Compliance is becoming a product, not a department. IQ Quality and IQ Compliance push checking into the process itself, at the point of production rather than after the event. For smaller firms that cannot staff a full compliance function, this could be the most commercially significant part of the entire announcement. It also raises the bar for every standalone compliance technology supplier serving the UK market.

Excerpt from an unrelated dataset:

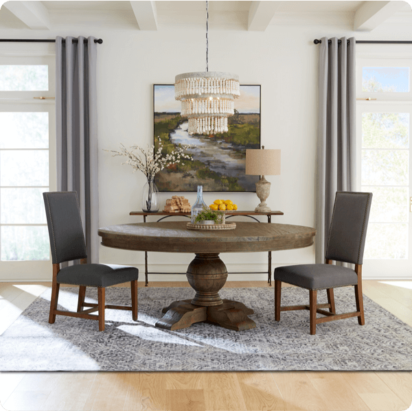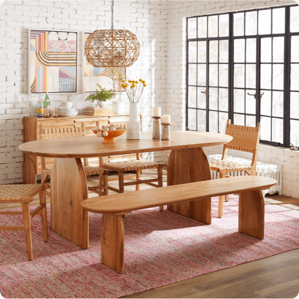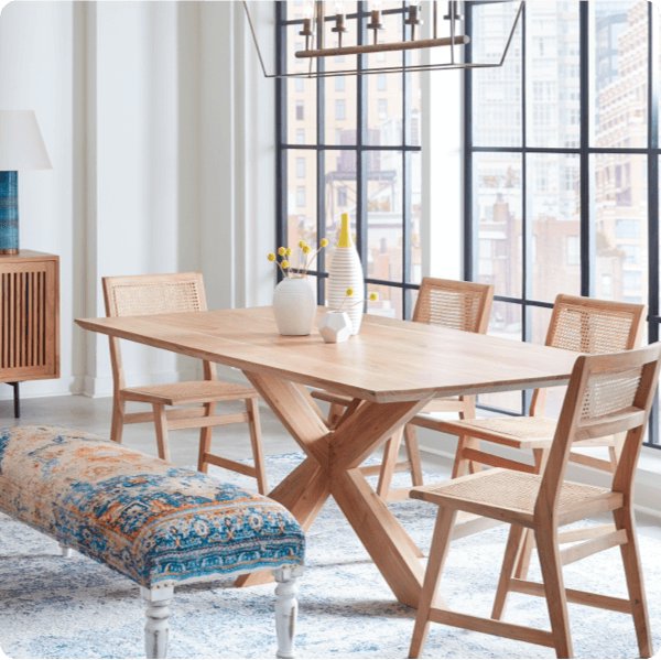 Our dining room furniture is made from high-quality, sustainable materials such as acacia, mango and reclaimed teak; metal; and eco-friendly finishes. These materials are chosen for their durability and unique aesthetic, ensuring that each piece adds character to your dining space.

Promises still need to ship. Most of what was announced is roadmap rather than released software. Forms and Fields initially, operational APIs after that, Playbooks and the autonomy modes beyond that, and IQ Compliance not until Q1 2027. intelliflo’s ten out of eleven record earns it confidence, and staged delivery with no flag day is the right way to do this. Firms should still time their own commitments to delivered software rather than slideware. Pricing for the new services was not set out in the material we have seen, and cost will shape adoption as much as the engineering does.
The bottom line
intelliflo closed on a single line: one platform, one upgrade path. Where it helps you is where it matters. As positioning, it directly answers the tension the company says it hears most from its clients, between firms that want the software to feel like them and IT teams that cannot afford bespoke. As engineering, it is a multi-stage programme that will be judged delivery by delivery.
The direction is the correct one. The advice profession does not need more point solutions. It needs orchestration, evidence and time back. On the substance shown at Innovate 2026, intelliflo understands that better than most, and its recent delivery record suggests the roadmap deserves to be taken at more than face value. We will be tracking each of these releases on AdviserSoftware.com as they land.